- Vocês bem sabem o génio dele.
- Ai sabemos. Pois nós bem sabemos... o génio dele. Ah! Ah!...
E os risos redobravam.
Mas a noite chegara enfim e encerraram-se cada vez mais as sombras sobre os caminhos do campo. Maurício pôde finalmente acompanhar os primos ao lugar da espia.
Dirigiram-se ali por sítios menos frequentados, e sem soltarem uma palavra.
Maurício, a seu pesar, sentia-se dominado por uma comoção profunda. Não era só despeito, era já uma nascente de repugnância pelo acto que praticava. Envergonhava-se daquele furtivo mister de espião.
Chegados ao local, o padre escolheu a posição de maneira que pudessem ver sem serem vistos.
Por muito tempo nada descobriram; nem ouviram mais algum som além do melancólico gemer dos sapos, a distância.

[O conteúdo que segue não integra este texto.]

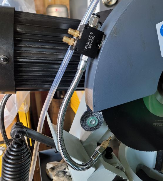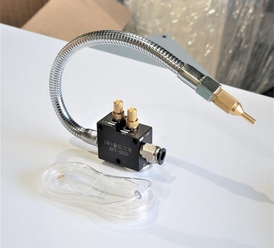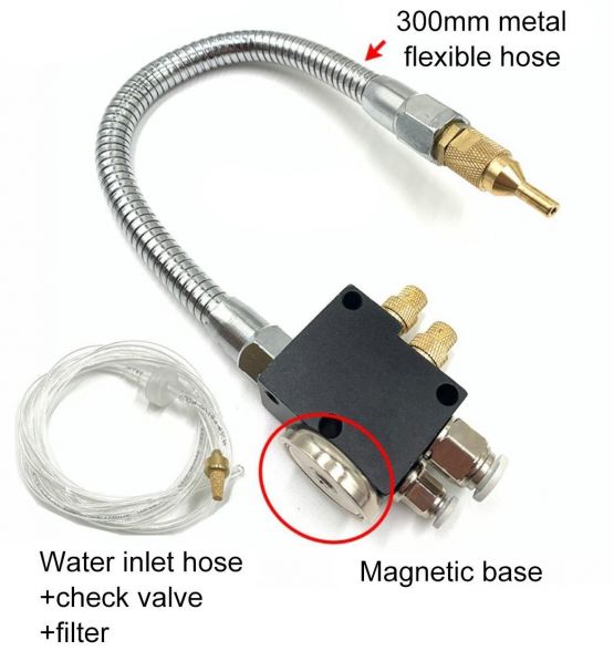| 제품상세설명 | *강력 자석 장착으로 탈부착 편리. *금속 자바라 사용으로 쉽게 파손되지 않고, 에어가 세지 않습니다. *에어량 및 절삭유량이 따로 따로 조절이 됩니다. *절삭유, 알콜, 미스트오일 모두 사용 가능합니다. *사용분야 -프레스, 머시닝센터, CNC선반, 밀링, 톱기계, 밴드쏘, 알루미늄절단기, 보루방 등 각종 공작기계. 자바라 길이 = 300mm 필요한 공기 압력: 5-7kgt/cm 적용 가능한 액체 점도: 0-68cSt 분사구 직경: 2.0mm 에어 입구 피팅 크기: 8mm 액체 입구 피팅크기 : 4mm PU 튜브 길이: 1.5m |
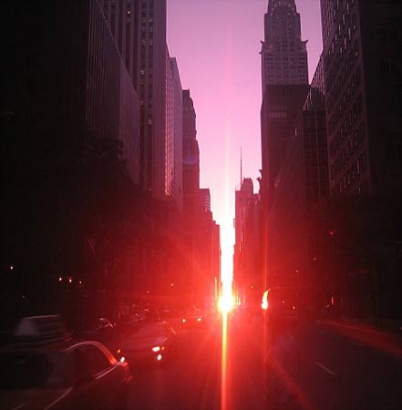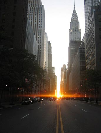 據(jù)報(bào)道,該景觀一年僅有兩次,而且還不是年年都有,整個(gè)紐約不夜城便沐浴在陽光下。在“曼哈頓懸日”出現(xiàn)的這幾天里,當(dāng)太陽落下時(shí),在紐約曼哈頓地區(qū)的格網(wǎng)街道的排列形式就如同巨大石柱群布局一樣。

Maurício, entre impaciente e satisfeito pelo resultado nulo da espionagem, principiava a dirigir aos primos alguns ditos epigramáticos, quando a mão do doutor lhe tapou a boca, ao mesmo tempo que o padre se voltava para lhe recomendar silêncio.
Efectivamente, encostado ao muro da Herdade, caminhava um homem, que a sombra da noite não deixava conhecer.
Chegando à porta, que devia estar apenas cerrada, empurrou-a e fechou-a de novo sem fazer ruído.
Maurício quis correr atrás daquele homem. Retiveram-no os primos.
- Espera, pateta! Deixa-o sair, que eu te prometo que havemos de conhecê-lo.
- Que diabo queres tu fazer, maluco? Não vês que espantas a caça?
- Hei-de ver quem ele é!
- Pois sim, mas para isso é preciso prudência.
- A porta ficou aberta. Eu vou...
- Vais aonde? Ora tem juízo. À saída pilhamo-lo.
Maurício, porém, insistiu e os primos condescenderam em passar um cauteloso exame à entrada por onde o vulto desaparecera.
Reprimindo a custo os ímpetos de Maurício, o padre dirigiu a exploração, e mui de mansinho entreabriu a porta e entraram no pátio da casa; perto ficava a escada por onde se subia para as salas.